Nation Magazine Jan Wiener's review in the Los Angeles Times was reposted in History News Network. Wiener outlines what Bill Ayers and his fellow privileged white Weathermen thought they would accomplish. But Ayers is obnoxious even to Nation Magazine writers. Ironically, I thought of Larry Grathwohl who was reading Weatherman (woman?) Kathy Wilkerson's memoir last spring. He'd read a few pages and shake his head in disgust. Wiener quotes Wilkerson's justification for the bomb that exploded in the New York City townhouse, intended for soldiers and their dates at a Fort Dix dance:

“The nails would wound people, too, and, in their suffering, perhaps they would develop more empathy for how the Vietnamese felt when the United States dropped daisy bombs.”

Wiener writes,

It’s a horrifying idea, but we should thank the author for owning up to it. The Confessions of Bill Ayers says nothing about the Weatherman plan to bomb the dance for noncommissioned officers and their dates at Fort Dix.

Wiener, a former member of SDS, like many on the Left faults Ayers and the Weathermen for destroying SDS and for discrediting the movement, thereby paving the way for the election of Republicans.

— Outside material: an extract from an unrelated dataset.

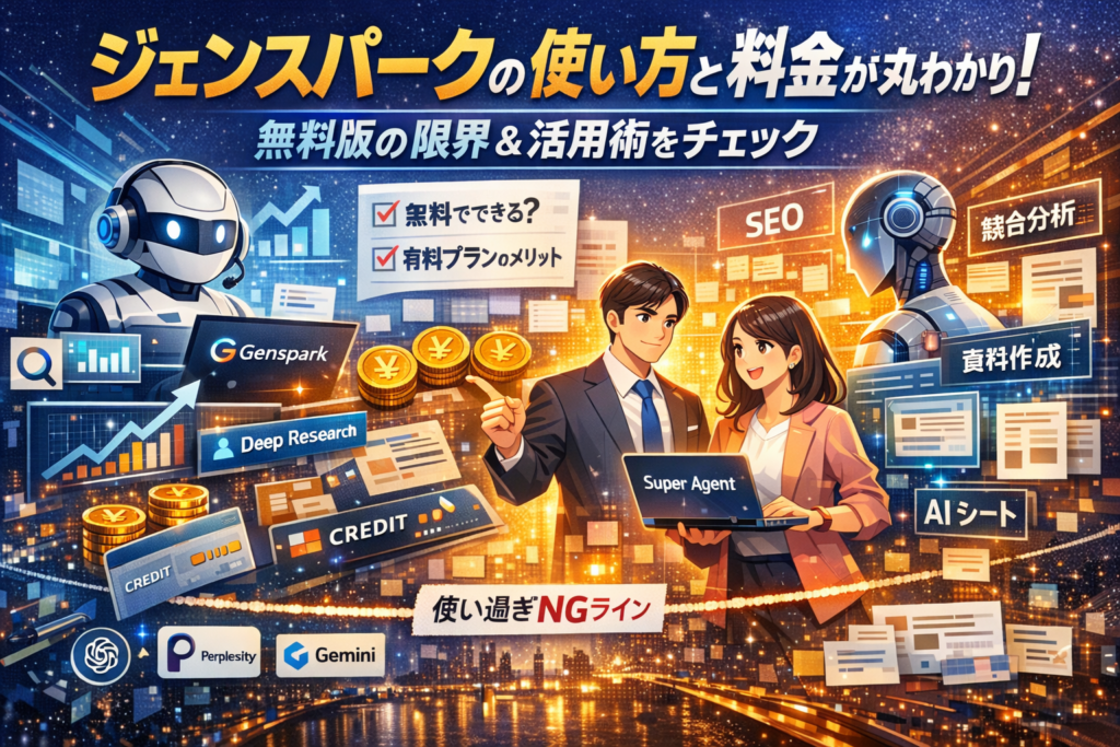 本記事では、Gensparkの正体や運営会社の安全性、料金とクレジットの仕組み、無料版でできる範囲を整理したうえで、SparkpagesやDeep Research、スーパーエージェント、AIスライド・AIシートといった主要機能の使い方を、実務の流れに沿って分解します。単なる機能紹介ではなく、SEO記事や企画書、営業資料の現場で「どこまでAIリサーチや自動生成に任せると成果が落ちるのか」という使い過ぎNGラインまで踏み込みます。

But he is honest enough to point out Ayers's dissembling:

In Ayers’s new book of 'confessions' you find some semi-apologies for the Weather Underground bombing campaign, including the statement that he has “a thousand regrets.” You also find some self-justification, including the statement that 'the Weather Underground never killed or injured anyone.' That is not quite true. The Weather Underground killed Ted Gold, Terry Robbins, and Diana Oughton — their own members, who died when the pipe bomb they were building exploded. That was March 6, 1970, in a Greenwich Village townhouse.

Jack Cashill points out in his review in American Thinker, Ayers name-drops a lot--Dr. Spock, Susan Sarandon, Tim Robbins, Stanley Fish. Cashill recalls his college days, when he was the object of their recruitment efforts:

I knew the Rudds and Ayerses of the world too well. I went to school and worked at summer camps with them. In my experience, they were to a person smug, self-righteous, indulged, affluent, and more than a little insecure about their very softness. By 1969 I knew that when the barricades went up, we would be on opposite sides.

Jan Wiener and company at the Nation may believe they could have made a better world for the downtrodden, but Cashill sees through it:

My 'we' included all the friends and family I had grown up with in Newark, New Jersey. We were the children of cops (me), mailmen, plumbers, machinists, bartenders, cab drivers, house painters. We didn't romanticize poverty. We were struggling to get out of it. We didn't celebrate black people. We played basketball with them (or were them). We didn't denounce the American dream. We pursued it.

I think the idea of whether Bill Ayers wrote Obama's two memoirs is a diversion (though I wouldn't be surprised if he did, given the common style and self-elevation of the books). What is important is how Bill Ayers has continued to influence education. Common Core standards may not have been written by Bill Ayers, but there is a lot of commonality between them and the ideas Ayers has for education.

Speaking of which, kudos to Maureen Downey at the Atlanta Journal-Constitution for publishing Jane Robbins's and Tanya Ditty's fantastic response to Fordham Institute's Michael Pettrilli and Michael Brickman claim that "Common Core opponents lack a better plan."

There are better alternatives--especially for low-income and middle-income students--and they have been proven by the research. Problem is they don't require all the advanced degrees and workshops (and requisite pay raises) and technology and whiz-bang new curricula that would profit the multinational textbook companies and computer companies.

Just think of that--proven education results with less cost and local control. Wonder why we're not using it?